▸ Problem requirements
From the entries below, copy out all lines holding "with".

▸ Dataset excerpts
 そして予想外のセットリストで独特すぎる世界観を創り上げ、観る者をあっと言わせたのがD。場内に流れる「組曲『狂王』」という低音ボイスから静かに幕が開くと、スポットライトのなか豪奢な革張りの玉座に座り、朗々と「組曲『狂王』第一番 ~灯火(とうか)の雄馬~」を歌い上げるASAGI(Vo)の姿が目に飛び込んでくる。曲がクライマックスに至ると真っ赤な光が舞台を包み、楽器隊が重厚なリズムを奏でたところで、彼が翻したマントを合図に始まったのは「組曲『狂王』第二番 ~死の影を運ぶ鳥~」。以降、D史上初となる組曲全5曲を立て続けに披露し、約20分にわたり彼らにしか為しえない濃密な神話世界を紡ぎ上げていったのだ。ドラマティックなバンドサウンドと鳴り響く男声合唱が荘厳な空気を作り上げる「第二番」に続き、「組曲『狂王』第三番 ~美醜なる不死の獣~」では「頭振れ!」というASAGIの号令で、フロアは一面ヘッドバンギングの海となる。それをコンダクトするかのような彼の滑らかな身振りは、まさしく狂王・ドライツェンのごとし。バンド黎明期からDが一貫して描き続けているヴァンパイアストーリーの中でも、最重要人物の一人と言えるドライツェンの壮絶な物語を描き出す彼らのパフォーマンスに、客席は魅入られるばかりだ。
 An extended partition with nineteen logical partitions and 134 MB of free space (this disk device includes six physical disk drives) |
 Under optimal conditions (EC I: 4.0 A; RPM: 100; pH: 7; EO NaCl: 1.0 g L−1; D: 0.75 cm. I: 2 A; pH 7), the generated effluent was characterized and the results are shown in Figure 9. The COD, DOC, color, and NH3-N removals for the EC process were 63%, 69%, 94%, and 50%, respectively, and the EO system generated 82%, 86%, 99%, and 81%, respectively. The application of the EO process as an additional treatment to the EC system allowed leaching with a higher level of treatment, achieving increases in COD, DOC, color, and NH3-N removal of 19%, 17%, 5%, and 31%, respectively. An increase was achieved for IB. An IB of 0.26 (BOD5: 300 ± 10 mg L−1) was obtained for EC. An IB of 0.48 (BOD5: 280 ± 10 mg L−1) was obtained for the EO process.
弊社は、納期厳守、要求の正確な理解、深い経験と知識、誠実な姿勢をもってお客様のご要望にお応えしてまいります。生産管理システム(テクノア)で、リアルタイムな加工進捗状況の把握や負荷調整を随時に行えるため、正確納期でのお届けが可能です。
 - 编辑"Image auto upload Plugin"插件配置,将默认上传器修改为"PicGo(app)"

...

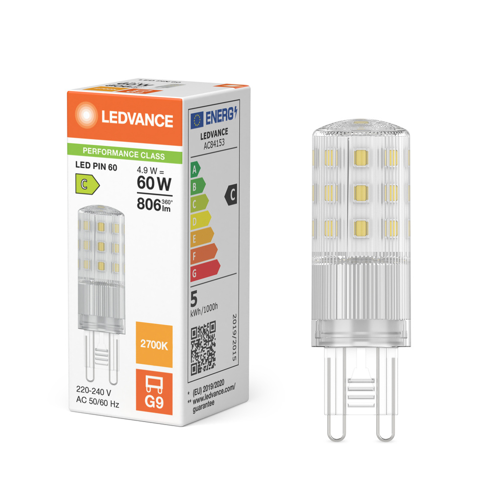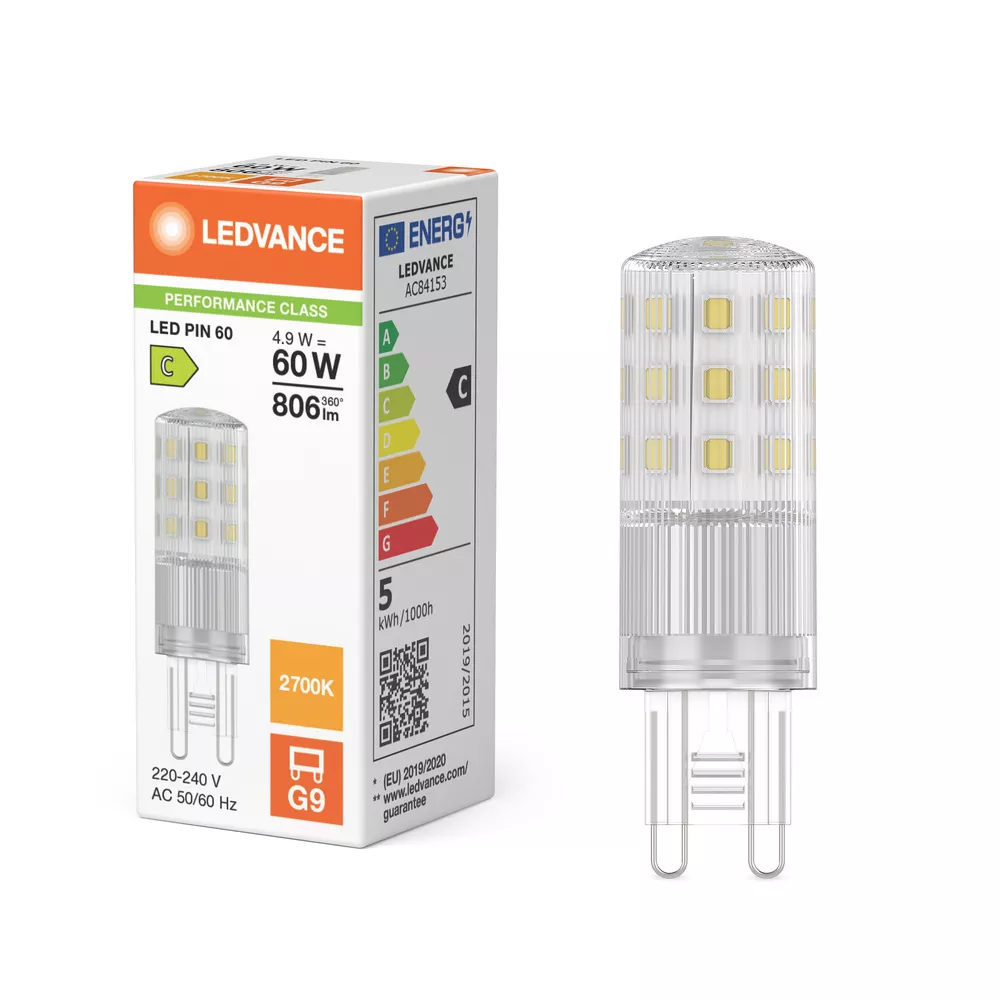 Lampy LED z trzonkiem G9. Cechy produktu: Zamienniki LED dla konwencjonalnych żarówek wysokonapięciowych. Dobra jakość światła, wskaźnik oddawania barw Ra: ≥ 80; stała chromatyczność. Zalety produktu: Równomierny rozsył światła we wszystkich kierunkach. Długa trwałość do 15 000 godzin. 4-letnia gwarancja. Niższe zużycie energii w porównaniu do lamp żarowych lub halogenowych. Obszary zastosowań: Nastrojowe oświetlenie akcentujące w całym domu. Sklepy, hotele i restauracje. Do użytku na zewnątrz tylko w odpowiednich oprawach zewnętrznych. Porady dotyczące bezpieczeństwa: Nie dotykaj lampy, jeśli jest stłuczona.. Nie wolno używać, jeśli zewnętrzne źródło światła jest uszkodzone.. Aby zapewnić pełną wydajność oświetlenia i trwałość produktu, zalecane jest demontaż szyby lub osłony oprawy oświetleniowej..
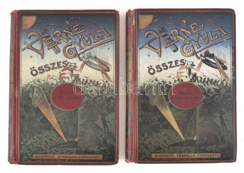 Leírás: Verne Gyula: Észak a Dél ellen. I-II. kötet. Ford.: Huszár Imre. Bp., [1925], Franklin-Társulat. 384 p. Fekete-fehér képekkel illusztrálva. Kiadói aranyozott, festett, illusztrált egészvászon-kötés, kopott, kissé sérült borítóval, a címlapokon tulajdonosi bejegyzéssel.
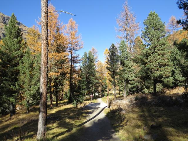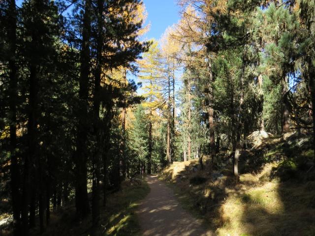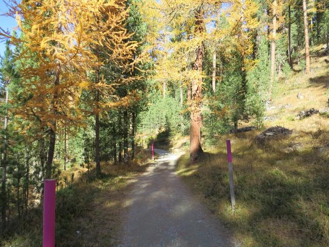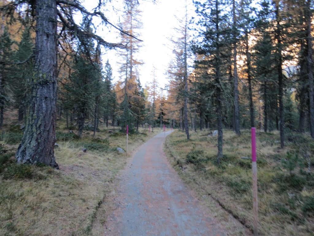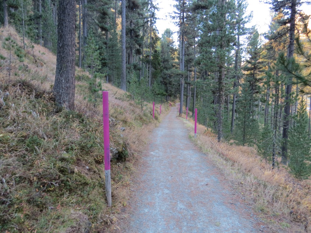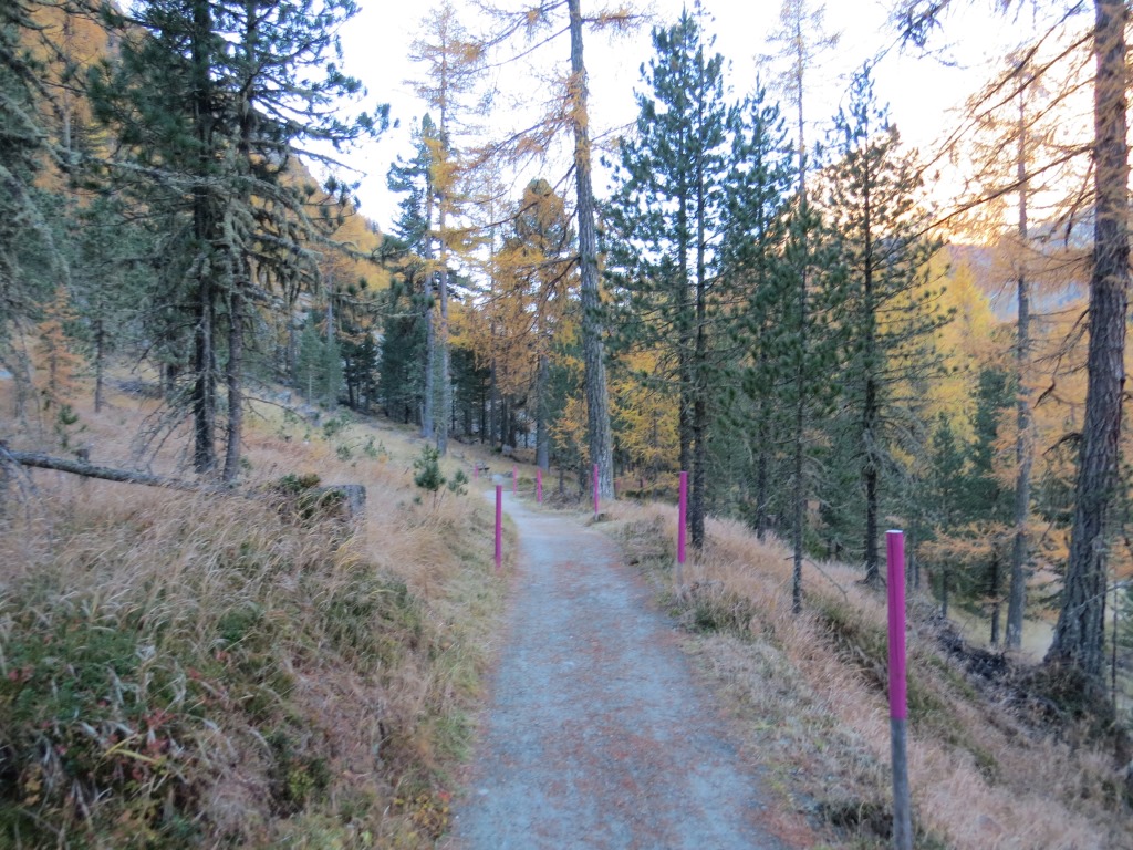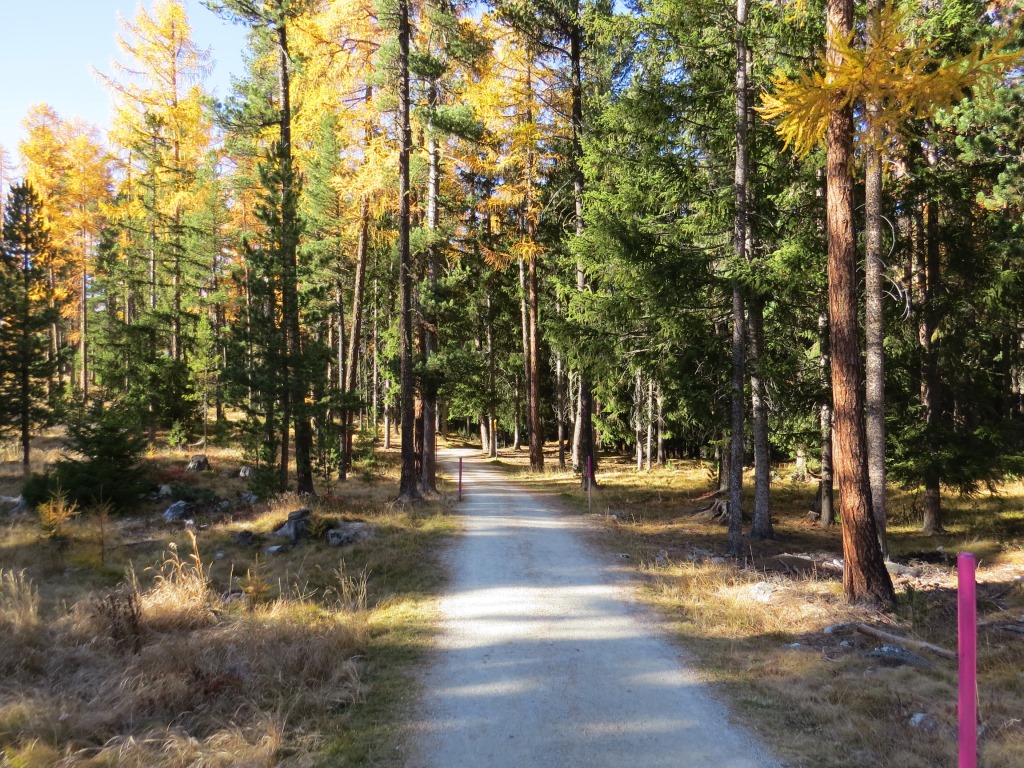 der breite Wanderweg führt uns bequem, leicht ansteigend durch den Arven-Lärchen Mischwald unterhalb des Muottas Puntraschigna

...

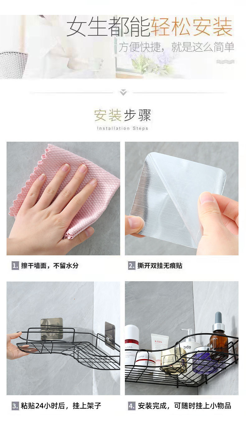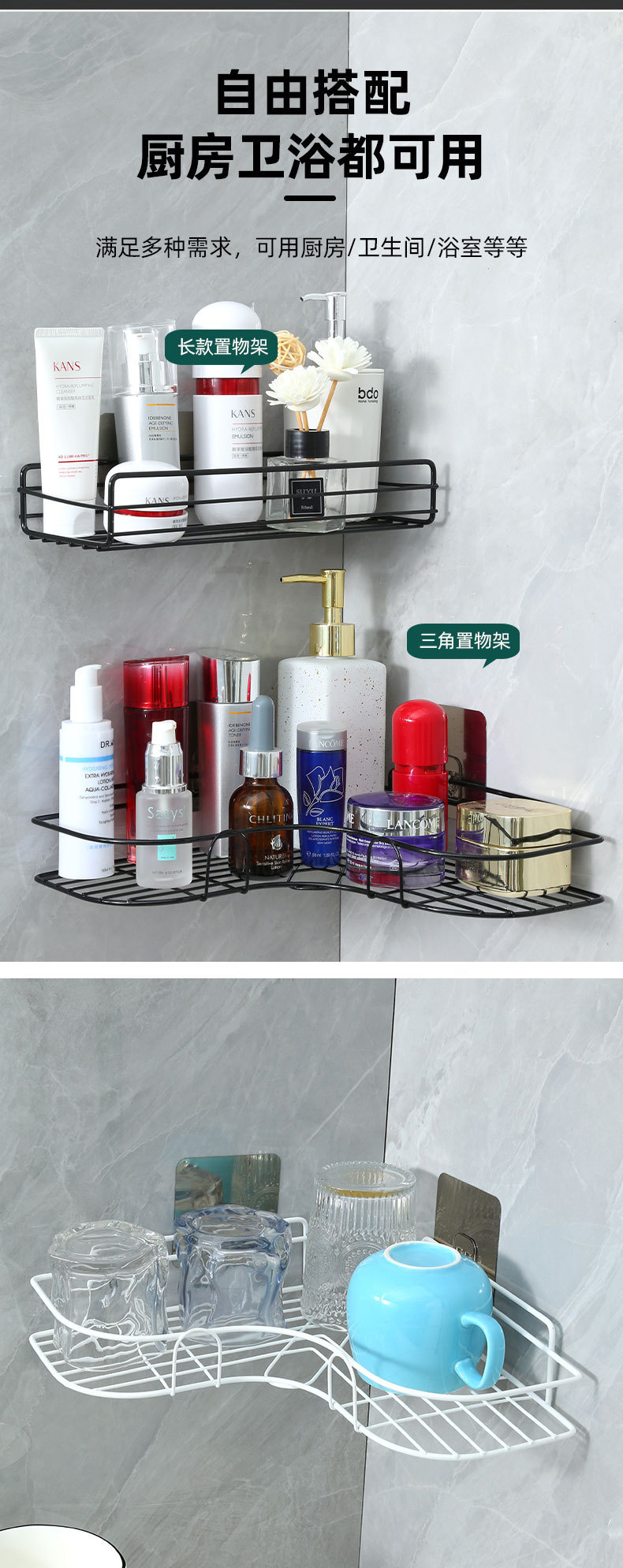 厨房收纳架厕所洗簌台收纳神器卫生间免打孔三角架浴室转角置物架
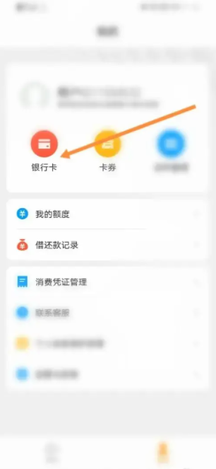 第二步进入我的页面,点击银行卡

▸ Completed task
 An extended partition with nineteen logical partitions and 134 MB of free space (this disk device includes six physical disk drives) |
 Under optimal conditions (EC I: 4.0 A; RPM: 100; pH: 7; EO NaCl: 1.0 g L−1; D: 0.75 cm. I: 2 A; pH 7), the generated effluent was characterized and the results are shown in Figure 9. The COD, DOC, color, and NH3-N removals for the EC process were 63%, 69%, 94%, and 50%, respectively, and the EO system generated 82%, 86%, 99%, and 81%, respectively. The application of the EO process as an additional treatment to the EC system allowed leaching with a higher level of treatment, achieving increases in COD, DOC, color, and NH3-N removal of 19%, 17%, 5%, and 31%, respectively. An increase was achieved for IB. An IB of 0.26 (BOD5: 300 ± 10 mg L−1) was obtained for EC. An IB of 0.48 (BOD5: 280 ± 10 mg L−1) was obtained for the EO process.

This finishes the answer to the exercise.